詩曲として、夜のガスパール

水の精は牧神に追われたシランクスを、水辺の葦として受け入れた
牧神はその葦を笛にして吹いている。
水の精エコーは、牧神によって引きちぎられ木霊となり、いつまでも繰り返し鳴り響いている。

潮が上ること高ければ、その落下はますます深い。
エドガー・アラン・ポーは潮の満ち引きのダイナミズムが渦を発生され、そこにひたすらに引き込まれていくドラマを1841年に描いた。

下に行って、上に行く。その起伏のドラマ。
ショパンがその晩年、1847年に出版した変イ長調のワルツで示したダイナミズムは、その後50年ほどで膨れ上がり、ドビュッシーは「牧神の午後のための前奏曲」を発表することになる。

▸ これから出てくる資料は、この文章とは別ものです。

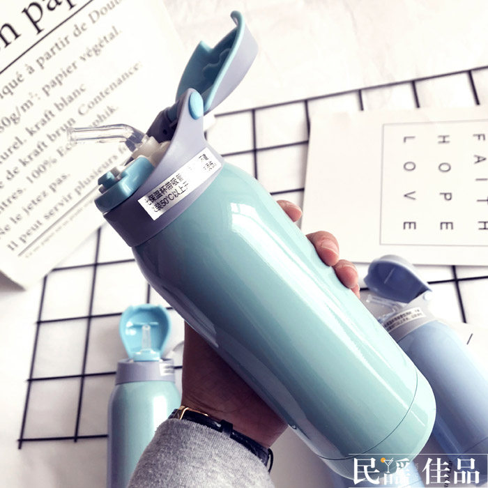 韩版简约保温杯不锈钢成人便携吸管杯男女学生可爱迷你清新水杯子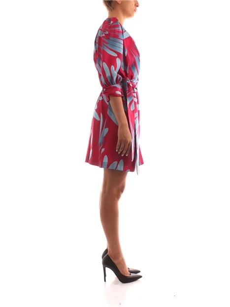 Abito da donna della collezione Marella in raso di seta con stampa a fantasia, dalla linea scivolata, scollo a V e maniche a palloncino.

ベルトランがレンブラントとジャック・カロを結び付けたように、もしくはゲーテが「ファウスト」において牧神パーンと水の精を同じ洞窟に見出したように、夜のガスパールはもうひとつの牧神の伝説として描かれ、まず下降し、そして上昇して、第3(5)小節のCis-Dis-GisそしてAisによって繋ぎとめられた。

絞首台のもとで、マルガレーテを取り囲む影が蠢いている。大鴉がNevermoreと鳴き続け、それは最後に、果たして誰の声として響いているのか。そしてベルトランによって練習曲として書き起こされた、そこにいたとも知れないホフマンの幽霊を、ドビュッシーは前奏曲「水の精」の中に閉じ込めた。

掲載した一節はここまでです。